▶ _REQUIREMENT_
Leave the pictures out. Retype exactly the lines below from the one containing "左:【Giannetto/ジ" through the one containing "This technical note", and no others.

[Records from a dataset]
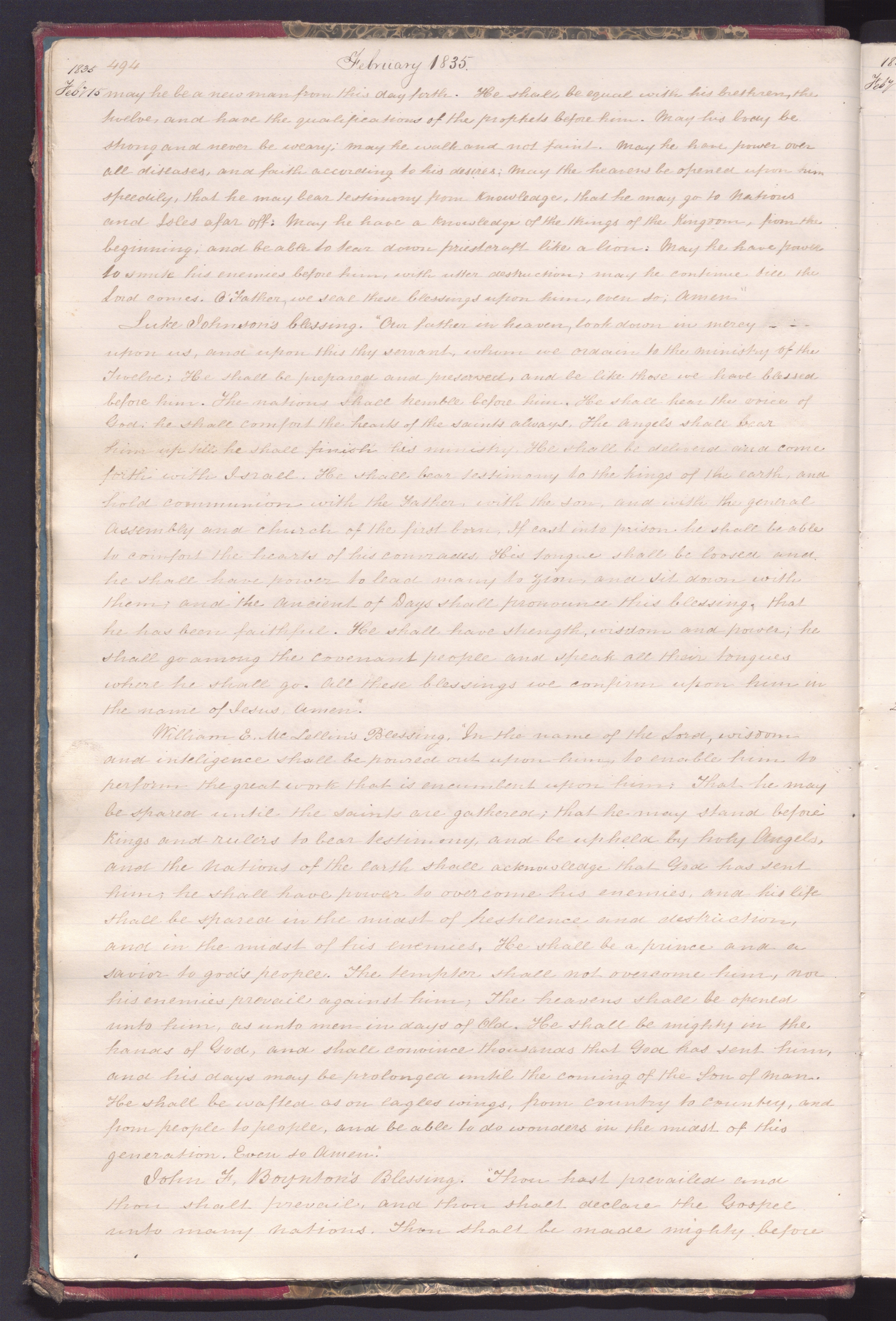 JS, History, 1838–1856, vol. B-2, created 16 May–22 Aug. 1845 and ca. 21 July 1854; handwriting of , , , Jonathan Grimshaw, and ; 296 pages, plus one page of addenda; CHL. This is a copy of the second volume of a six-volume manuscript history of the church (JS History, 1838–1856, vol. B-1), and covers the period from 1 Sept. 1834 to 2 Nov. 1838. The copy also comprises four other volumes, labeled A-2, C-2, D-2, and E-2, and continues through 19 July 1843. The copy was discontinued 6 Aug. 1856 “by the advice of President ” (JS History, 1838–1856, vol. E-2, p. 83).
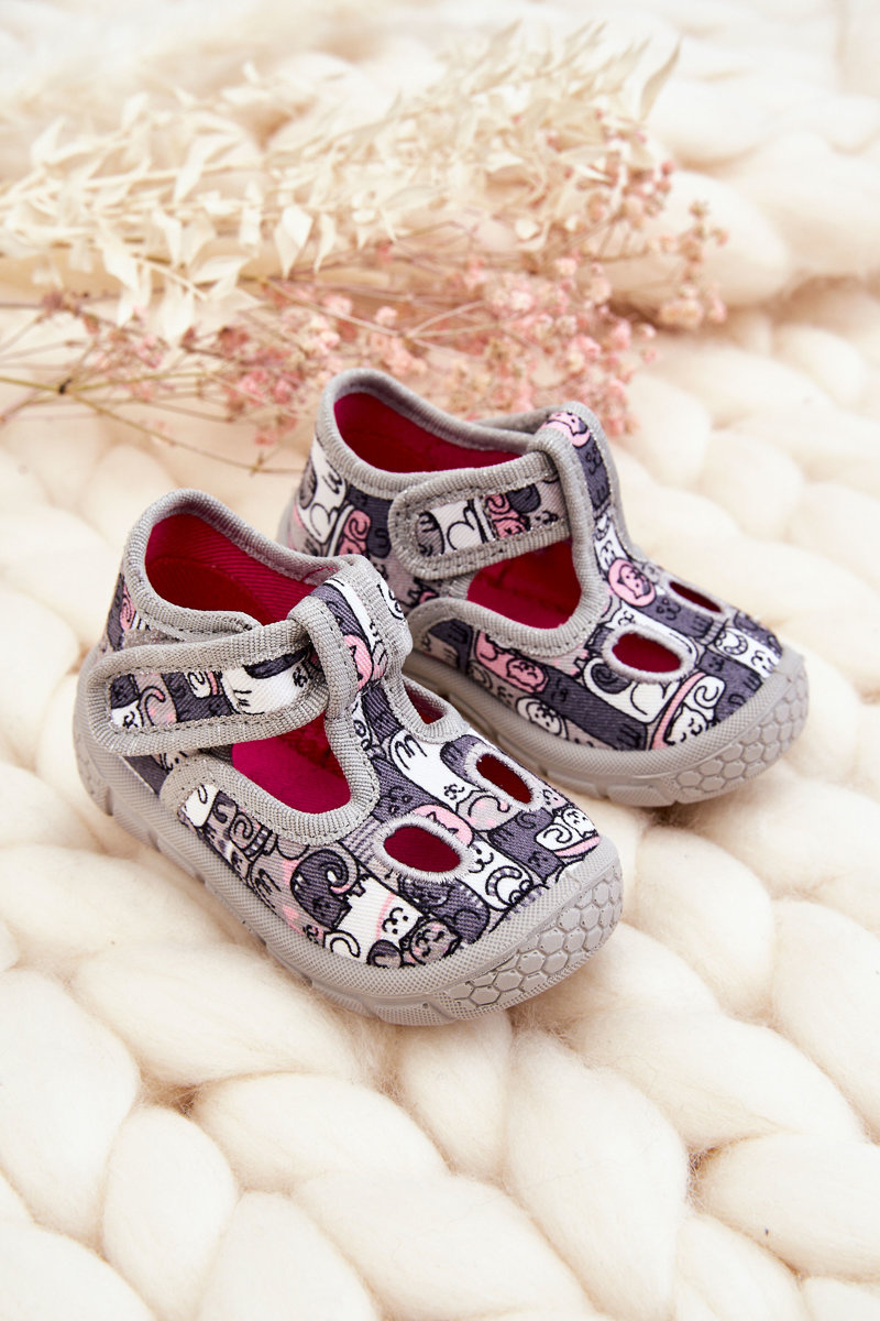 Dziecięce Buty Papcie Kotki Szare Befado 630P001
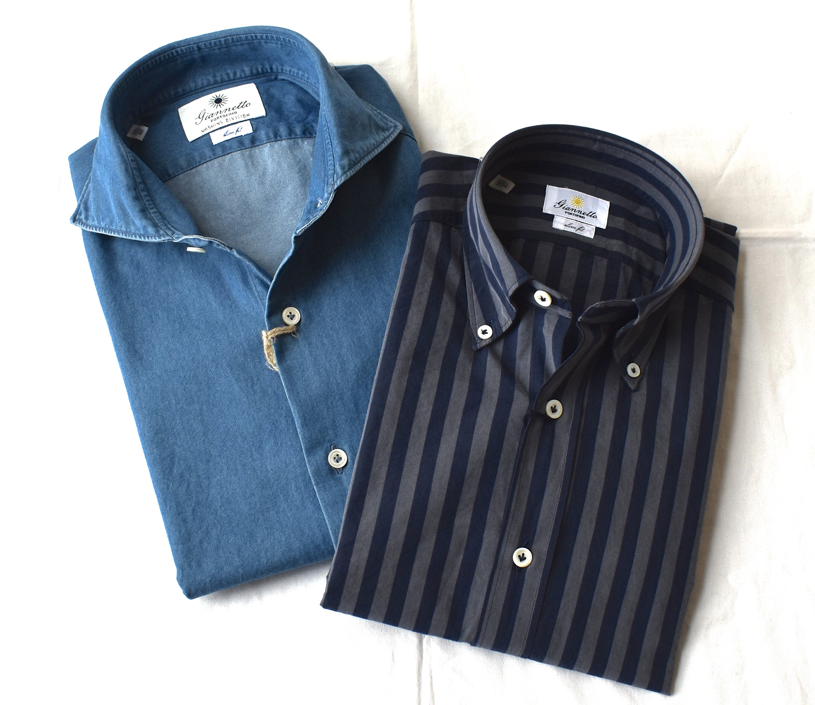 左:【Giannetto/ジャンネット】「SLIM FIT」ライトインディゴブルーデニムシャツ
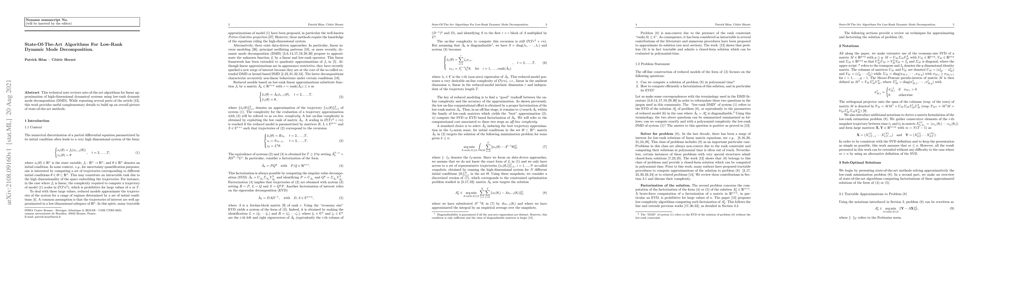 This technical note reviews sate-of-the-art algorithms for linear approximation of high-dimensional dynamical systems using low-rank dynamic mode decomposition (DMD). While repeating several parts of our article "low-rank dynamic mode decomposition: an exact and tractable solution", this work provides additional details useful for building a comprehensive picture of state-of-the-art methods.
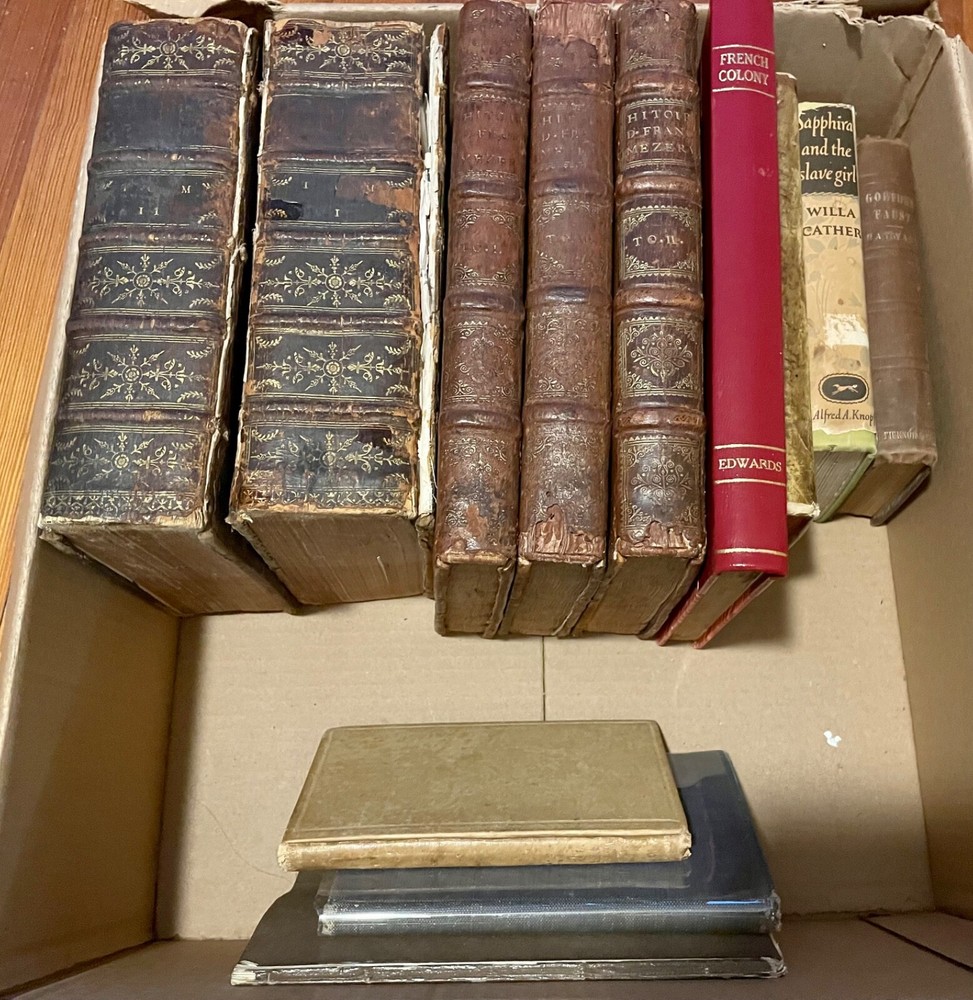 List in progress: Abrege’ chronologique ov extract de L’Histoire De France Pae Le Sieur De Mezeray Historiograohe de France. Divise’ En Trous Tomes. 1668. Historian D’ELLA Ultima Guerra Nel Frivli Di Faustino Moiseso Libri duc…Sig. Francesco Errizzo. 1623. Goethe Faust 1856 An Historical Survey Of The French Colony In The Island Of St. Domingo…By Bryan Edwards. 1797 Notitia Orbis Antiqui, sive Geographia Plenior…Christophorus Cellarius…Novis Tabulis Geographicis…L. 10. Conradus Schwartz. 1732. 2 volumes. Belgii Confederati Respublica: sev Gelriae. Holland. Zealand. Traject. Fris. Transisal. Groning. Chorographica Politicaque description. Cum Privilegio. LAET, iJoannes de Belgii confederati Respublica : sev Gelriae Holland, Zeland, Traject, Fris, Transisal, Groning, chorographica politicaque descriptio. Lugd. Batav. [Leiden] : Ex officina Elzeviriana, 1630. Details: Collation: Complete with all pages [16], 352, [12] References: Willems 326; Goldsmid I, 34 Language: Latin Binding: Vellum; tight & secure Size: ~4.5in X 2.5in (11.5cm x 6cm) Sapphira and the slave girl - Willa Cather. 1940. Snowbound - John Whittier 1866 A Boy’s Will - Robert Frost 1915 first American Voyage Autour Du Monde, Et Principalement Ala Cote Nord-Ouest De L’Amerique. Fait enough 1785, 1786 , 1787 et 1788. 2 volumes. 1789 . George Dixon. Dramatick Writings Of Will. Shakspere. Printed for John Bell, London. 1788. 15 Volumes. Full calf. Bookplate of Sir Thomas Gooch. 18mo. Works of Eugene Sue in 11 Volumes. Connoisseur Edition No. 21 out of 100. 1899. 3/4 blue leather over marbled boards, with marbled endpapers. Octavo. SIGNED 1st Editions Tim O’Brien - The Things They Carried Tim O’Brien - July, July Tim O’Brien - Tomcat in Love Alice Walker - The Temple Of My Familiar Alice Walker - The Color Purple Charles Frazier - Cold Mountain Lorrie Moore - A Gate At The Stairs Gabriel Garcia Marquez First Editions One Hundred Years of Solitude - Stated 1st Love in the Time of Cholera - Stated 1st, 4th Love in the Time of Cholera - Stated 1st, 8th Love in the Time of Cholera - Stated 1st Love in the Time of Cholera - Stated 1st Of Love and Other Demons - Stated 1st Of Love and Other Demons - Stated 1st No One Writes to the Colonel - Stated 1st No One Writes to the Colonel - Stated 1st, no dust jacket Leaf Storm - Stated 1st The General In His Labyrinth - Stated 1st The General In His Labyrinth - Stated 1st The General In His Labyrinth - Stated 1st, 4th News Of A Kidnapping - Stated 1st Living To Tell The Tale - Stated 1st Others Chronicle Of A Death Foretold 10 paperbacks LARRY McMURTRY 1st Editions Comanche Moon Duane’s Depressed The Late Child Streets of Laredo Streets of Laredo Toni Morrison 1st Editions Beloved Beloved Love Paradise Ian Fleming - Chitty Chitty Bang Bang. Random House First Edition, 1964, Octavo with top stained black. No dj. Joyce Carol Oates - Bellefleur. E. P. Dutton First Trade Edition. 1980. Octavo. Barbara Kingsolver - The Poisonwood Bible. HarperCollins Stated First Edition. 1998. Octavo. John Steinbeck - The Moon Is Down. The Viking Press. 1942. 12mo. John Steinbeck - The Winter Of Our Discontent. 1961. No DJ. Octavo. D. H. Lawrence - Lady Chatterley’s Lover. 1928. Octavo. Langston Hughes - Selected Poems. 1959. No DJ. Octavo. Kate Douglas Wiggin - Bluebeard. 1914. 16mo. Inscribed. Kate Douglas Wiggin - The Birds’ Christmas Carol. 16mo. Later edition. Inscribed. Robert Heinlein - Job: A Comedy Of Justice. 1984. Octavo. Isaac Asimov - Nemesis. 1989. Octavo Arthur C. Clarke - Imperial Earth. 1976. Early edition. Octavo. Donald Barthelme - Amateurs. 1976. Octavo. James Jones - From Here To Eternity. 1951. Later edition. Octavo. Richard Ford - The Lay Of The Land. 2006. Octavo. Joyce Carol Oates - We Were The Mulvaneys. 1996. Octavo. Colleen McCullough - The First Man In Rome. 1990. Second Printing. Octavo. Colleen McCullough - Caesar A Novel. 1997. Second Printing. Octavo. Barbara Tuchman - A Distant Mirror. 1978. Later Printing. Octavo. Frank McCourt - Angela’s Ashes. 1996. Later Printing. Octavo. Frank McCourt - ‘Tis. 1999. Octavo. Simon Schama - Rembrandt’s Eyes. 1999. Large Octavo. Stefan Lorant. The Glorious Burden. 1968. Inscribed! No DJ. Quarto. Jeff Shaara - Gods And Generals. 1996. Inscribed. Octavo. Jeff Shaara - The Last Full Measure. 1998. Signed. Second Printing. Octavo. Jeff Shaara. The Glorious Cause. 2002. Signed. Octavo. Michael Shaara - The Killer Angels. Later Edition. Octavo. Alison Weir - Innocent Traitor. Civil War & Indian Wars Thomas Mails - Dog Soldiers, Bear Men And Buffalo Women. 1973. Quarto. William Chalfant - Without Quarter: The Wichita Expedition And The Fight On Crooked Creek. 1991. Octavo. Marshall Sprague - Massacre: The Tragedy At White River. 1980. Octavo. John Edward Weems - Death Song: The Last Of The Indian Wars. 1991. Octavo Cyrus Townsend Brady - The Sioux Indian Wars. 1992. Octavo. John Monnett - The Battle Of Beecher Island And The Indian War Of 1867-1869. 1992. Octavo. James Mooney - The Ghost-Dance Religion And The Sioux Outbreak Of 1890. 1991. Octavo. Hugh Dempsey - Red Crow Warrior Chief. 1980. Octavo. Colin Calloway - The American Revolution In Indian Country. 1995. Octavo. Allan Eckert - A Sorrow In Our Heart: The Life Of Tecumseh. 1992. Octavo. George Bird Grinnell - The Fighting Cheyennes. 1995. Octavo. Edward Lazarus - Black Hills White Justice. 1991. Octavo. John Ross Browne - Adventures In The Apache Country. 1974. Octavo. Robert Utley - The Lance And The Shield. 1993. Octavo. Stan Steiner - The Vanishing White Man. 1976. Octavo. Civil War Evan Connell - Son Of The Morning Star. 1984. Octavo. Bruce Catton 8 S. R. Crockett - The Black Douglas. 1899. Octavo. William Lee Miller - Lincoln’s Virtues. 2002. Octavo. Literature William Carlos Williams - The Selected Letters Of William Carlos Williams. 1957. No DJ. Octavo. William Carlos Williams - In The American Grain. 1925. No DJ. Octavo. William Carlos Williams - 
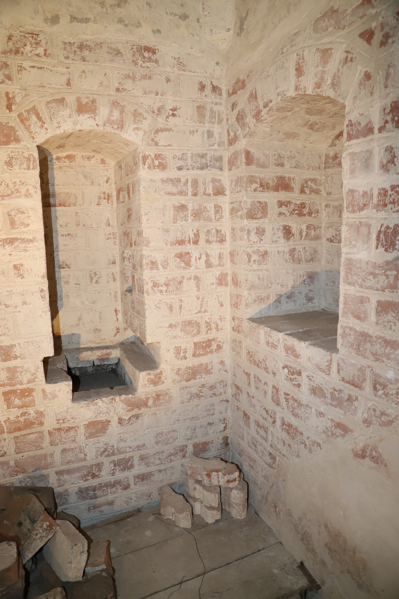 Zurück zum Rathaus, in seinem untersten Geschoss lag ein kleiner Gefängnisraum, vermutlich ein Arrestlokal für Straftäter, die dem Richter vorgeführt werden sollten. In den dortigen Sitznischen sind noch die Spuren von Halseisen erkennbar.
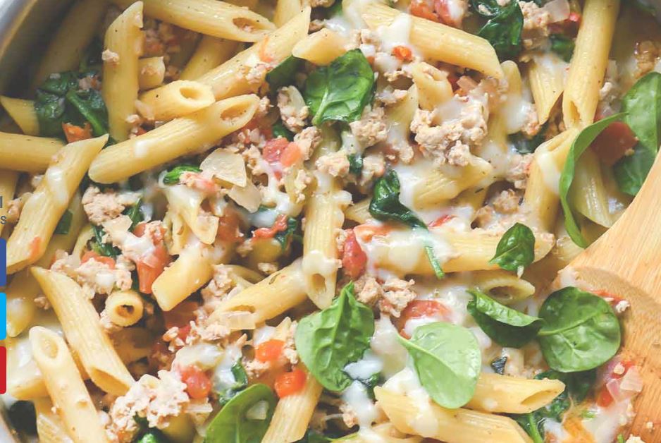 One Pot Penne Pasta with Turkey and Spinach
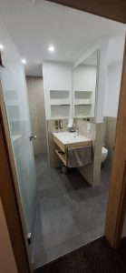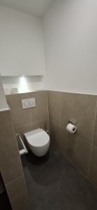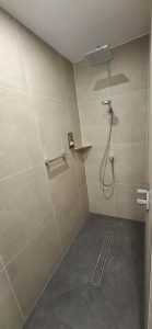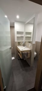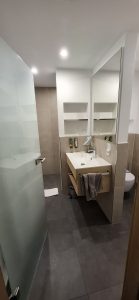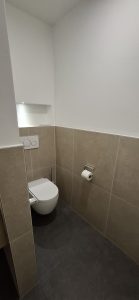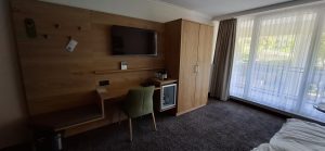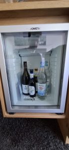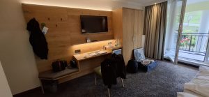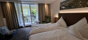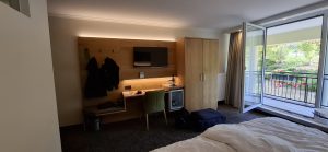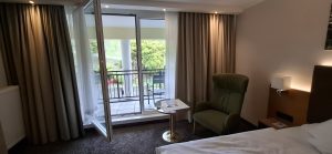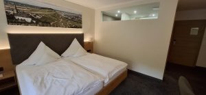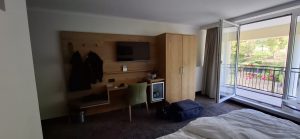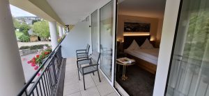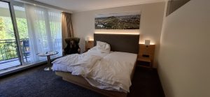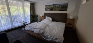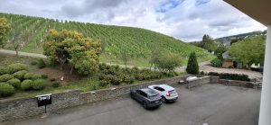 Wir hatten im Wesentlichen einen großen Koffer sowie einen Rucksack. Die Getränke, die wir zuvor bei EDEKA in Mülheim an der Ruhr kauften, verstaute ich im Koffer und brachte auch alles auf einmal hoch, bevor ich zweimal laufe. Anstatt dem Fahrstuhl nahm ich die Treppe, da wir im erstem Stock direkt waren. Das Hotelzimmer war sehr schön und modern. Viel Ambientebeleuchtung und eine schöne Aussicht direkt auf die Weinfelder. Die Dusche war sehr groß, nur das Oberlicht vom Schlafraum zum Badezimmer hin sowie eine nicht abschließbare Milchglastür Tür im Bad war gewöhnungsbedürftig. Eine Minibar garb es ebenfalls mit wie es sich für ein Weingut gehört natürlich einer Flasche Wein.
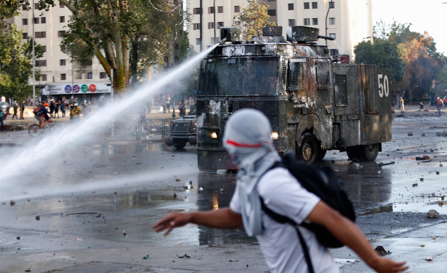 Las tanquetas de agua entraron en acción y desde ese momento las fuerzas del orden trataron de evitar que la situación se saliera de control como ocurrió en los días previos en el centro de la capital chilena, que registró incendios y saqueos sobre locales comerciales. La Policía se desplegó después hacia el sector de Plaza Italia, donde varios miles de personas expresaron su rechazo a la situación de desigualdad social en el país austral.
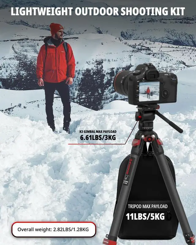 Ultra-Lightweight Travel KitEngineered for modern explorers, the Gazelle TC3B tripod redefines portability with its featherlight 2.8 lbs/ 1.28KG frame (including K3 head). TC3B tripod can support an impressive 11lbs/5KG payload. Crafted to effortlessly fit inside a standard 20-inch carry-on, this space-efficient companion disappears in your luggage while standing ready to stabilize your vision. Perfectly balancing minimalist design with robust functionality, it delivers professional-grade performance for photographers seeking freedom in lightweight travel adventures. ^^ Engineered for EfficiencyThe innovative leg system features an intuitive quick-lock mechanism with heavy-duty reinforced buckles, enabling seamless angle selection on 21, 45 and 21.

▶ _ANSWER TO THE EXERCISE_
 左:【Giannetto/ジャンネット】「SLIM FIT」ライトインディゴブルーデニムシャツ
 This technical note reviews sate-of-the-art algorithms for linear approximation of high-dimensional dynamical systems using low-rank dynamic mode decomposition (DMD). While repeating several parts of our article "low-rank dynamic mode decomposition: an exact and tractable solution", this work provides additional details useful for building a comprehensive picture of state-of-the-art methods.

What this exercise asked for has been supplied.